Large Language Model Mathematics explained Through a Road Trip

Thierry Damiba
3 min readDec 12, 2023

--

The artistic representation of the concept ‘Understanding the mathematics of Large Language Models (LLMs)’, visualized as a metaphorical journey from New York City to Los Angeles. This image symbolizes the complexity and interconnectedness of mathematical concepts in LLMs, intertwined with elements of a cross-country journey.

Understanding the mathematics of Large Language Models (LLMs) can be likened to planning a cross-country journey from New York City to Los Angeles. We can apply this analogy to key mathematical concepts, transforming them into familiar ideas.

On my initial day exploring LLMs, I concentrated on their mathematical foundations. This involved delving into Linear Algebra, Statistics, Probability, and Calculus. The features of LLM’s key mathematical concepts interweave with each other seamlessly, and build upon themselves. You can compare learning the math of LLMs to learning letters before words when you are starting to read and write. We begin with Linear Algebra, transforming data into lines, and end with Calculus, calculating the area beneath curves.

Rather than just memorizing formulas and symbols, I prefer to conceptualize these mathematical principles through familiar analogies. I liken the essential mathematical concepts to planning a cross-country road trip. Adopting this approach offers a more instinctive grasp of the fundamental ideas underpinning the mathematics of LLMs.

Linear Algebra: Charting the Course

Linear algebra in LLMs can be likened to plotting a journey on a map. Consider the map as a two-dimensional plane, with the North-South axis representing the x axis and East-West as y axis. In linear algebra “i-hat” and “j-hat” are unit vectors for horizontal and vertical movement, similar to a mile east-west or north-south.

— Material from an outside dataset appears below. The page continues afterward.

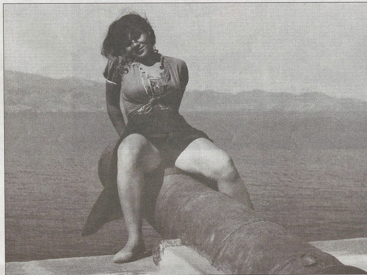
Νεαρή Υδραία φωτογραφημένη το 1956 στο νησί από τον ποιητή Ανδρέα Εμπειρίκο

Η «θραυσματική» προσέγγιση δεν είναι αναγνωρίσιμο στοιχείο μόνο στο έργο των περισσότερων καλλιτεχνών της έκθεσης, αλλά και στον τρόπο που διαχειρίζονται την έννοια της ταυτότητας. Αρκετοί από αυτούς έζησαν ή ζουν στο εξωτερικό από επιλογή ή αναγκαιότητα: Βερολίνο, Βιέννη, Λονδίνο, Σαν Φρανσίσκο, Παρίσι. Συνεπώς η γεωγραφική και ψυχολογική απόσταση από τη χώρα καταγωγής τους έχει διαμορφώσει ένα μέρος της ταυτότητάς τους. Δίπλα σε έργα ιστορικών καλλιτε-

Using New York City as a starting point in our analogy, linear algebra enables us to draw a line to Los Angeles. We can also draw a line to any city in the world, symbolizing paths or connections. In LLMs, linear algebra illustrates how data travels through a neural network. Each layer of the network acts like a city stop, altering the data as it moves through, similar to how a route changes across different cities. Just as a trip from NYC to LA involves stopping at numerous cities, data passes through many network layers before yielding the final output.

Probability and Statistics: Anticipating Variables

On a road trip, we must anticipate variables such as traffic, weather, and bathroom breaks. A traveler might estimate a higher likelihood of encountering traffic during rush hour on a major highway. Probability and statistics in LLMs involve anticipating and accounting for the variability and uncertainty in language. These models use probabilistic methods to predict the likelihood of certain words or phrases occurring in a given context.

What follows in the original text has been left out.